Data for this exercise: Begin

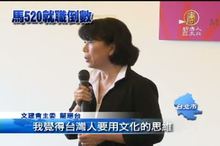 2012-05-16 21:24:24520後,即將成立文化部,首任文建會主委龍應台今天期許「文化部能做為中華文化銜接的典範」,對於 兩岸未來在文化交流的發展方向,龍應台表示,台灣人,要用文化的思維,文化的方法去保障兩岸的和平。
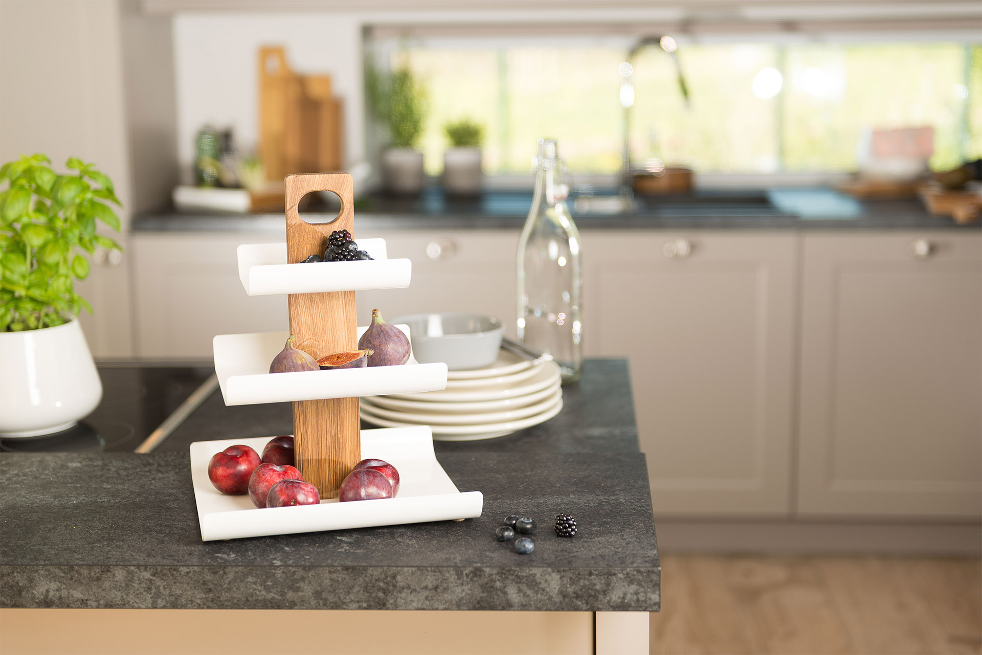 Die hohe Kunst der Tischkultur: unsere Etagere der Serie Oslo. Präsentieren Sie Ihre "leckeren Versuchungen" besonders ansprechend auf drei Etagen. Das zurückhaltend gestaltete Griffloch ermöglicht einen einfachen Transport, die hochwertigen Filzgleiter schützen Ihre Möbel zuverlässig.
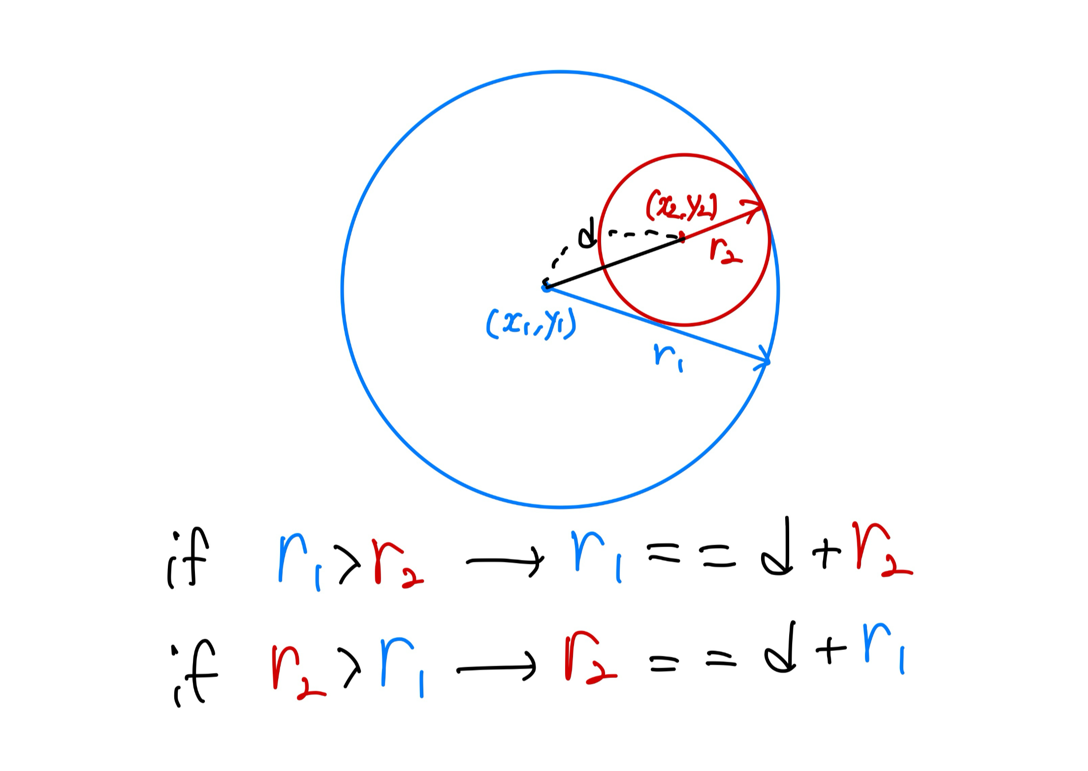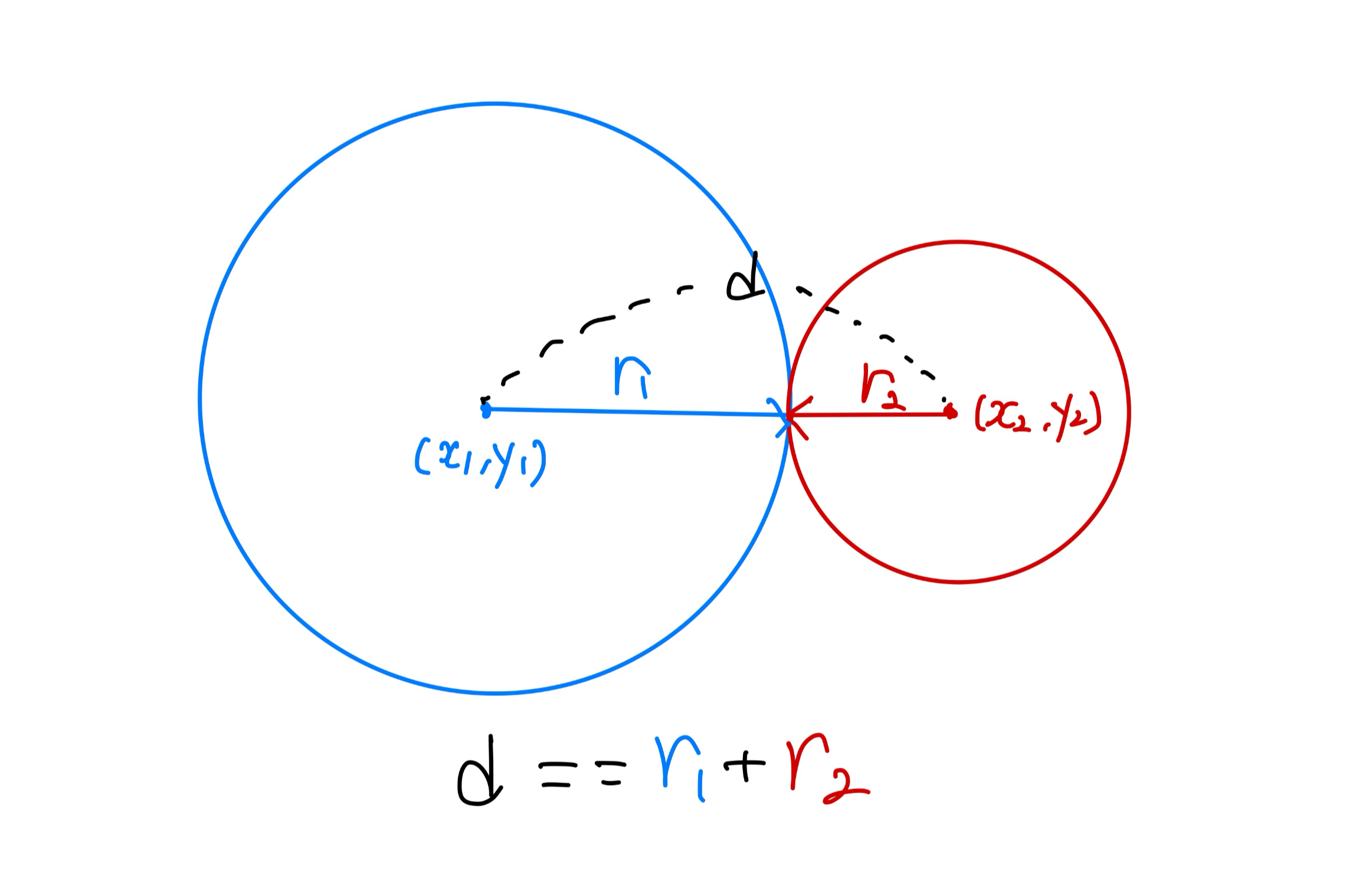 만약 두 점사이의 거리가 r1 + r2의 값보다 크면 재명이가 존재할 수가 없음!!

Data for this exercise: End
Data for this exercise: Begin

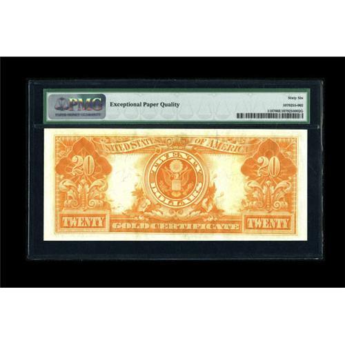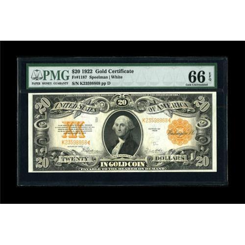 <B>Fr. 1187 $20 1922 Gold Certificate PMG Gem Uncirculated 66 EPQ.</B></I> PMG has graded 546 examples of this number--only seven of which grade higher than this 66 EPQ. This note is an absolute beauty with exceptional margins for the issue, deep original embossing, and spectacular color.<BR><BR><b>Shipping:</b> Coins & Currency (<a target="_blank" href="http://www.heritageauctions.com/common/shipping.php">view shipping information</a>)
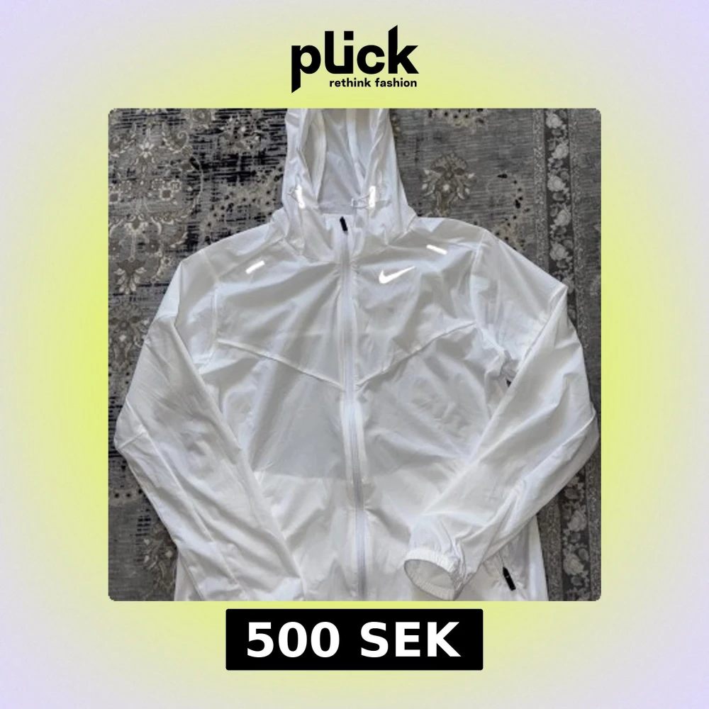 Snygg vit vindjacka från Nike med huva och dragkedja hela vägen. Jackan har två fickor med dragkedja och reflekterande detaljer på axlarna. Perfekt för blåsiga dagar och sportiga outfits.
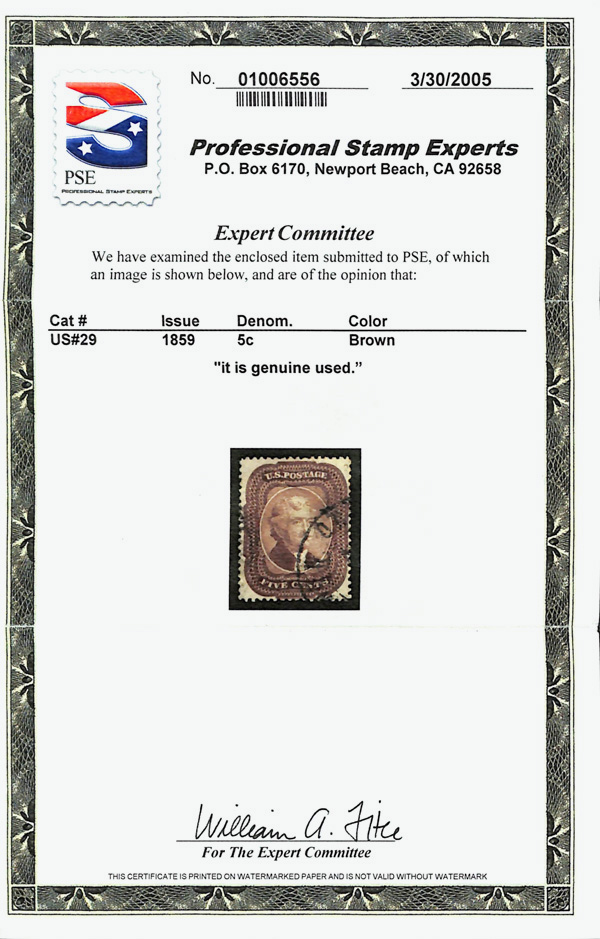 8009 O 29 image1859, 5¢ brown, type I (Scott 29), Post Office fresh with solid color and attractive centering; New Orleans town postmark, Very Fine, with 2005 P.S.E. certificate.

Data for this exercise: End
Data for this exercise: Begin

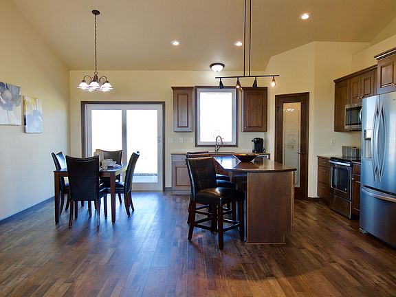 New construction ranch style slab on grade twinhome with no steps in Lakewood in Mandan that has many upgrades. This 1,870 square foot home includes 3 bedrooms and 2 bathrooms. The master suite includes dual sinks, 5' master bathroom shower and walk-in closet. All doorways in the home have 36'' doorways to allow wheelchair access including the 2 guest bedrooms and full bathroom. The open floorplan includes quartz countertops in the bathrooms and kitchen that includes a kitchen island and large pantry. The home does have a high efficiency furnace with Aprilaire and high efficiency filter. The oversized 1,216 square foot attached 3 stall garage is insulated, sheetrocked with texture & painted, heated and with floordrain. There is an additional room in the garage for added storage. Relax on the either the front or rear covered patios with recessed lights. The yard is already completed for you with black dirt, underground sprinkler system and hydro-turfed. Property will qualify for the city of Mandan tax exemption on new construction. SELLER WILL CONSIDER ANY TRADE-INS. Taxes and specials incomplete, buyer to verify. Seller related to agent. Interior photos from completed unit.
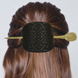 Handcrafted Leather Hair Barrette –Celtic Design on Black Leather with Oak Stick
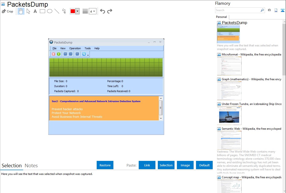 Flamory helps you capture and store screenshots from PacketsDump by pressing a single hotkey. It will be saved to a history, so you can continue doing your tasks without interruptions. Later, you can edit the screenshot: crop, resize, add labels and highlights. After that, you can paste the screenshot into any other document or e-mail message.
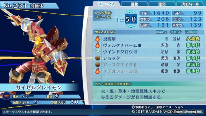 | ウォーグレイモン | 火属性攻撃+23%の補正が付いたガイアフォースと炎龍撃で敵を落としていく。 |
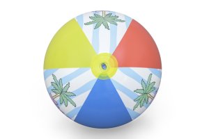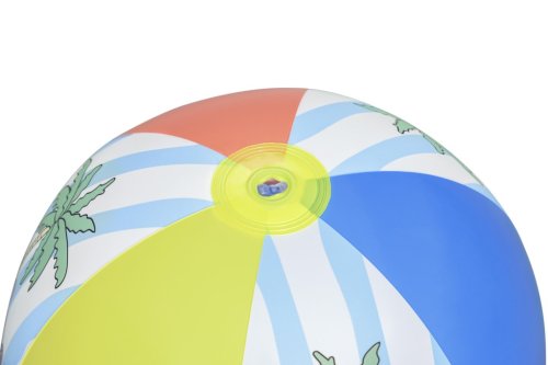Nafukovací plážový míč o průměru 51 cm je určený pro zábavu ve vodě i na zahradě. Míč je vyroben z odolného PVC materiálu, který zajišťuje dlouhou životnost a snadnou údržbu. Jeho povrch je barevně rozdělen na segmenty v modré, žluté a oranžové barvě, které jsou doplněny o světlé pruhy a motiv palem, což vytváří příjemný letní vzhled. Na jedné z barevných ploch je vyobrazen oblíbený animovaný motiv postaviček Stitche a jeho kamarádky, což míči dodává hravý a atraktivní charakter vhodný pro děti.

Data for this exercise: End

- _Description of the task_: To complete this exercise, transcribe exactly the lines above from the one that holds "<B>Fr. 1187 $20" through the one that holds "8009 O 29 image1859, 5¢". Pictures stay out.

- _Task response_:
 <B>Fr. 1187 $20 1922 Gold Certificate PMG Gem Uncirculated 66 EPQ.</B></I> PMG has graded 546 examples of this number--only seven of which grade higher than this 66 EPQ. This note is an absolute beauty with exceptional margins for the issue, deep original embossing, and spectacular color.<BR><BR><b>Shipping:</b> Coins & Currency (<a target="_blank" href="http://www.heritageauctions.com/common/shipping.php">view shipping information</a>)
 Snygg vit vindjacka från Nike med huva och dragkedja hela vägen. Jackan har två fickor med dragkedja och reflekterande detaljer på axlarna. Perfekt för blåsiga dagar och sportiga outfits.
 8009 O 29 image1859, 5¢ brown, type I (Scott 29), Post Office fresh with solid color and attractive centering; New Orleans town postmark, Very Fine, with 2005 P.S.E. certificate.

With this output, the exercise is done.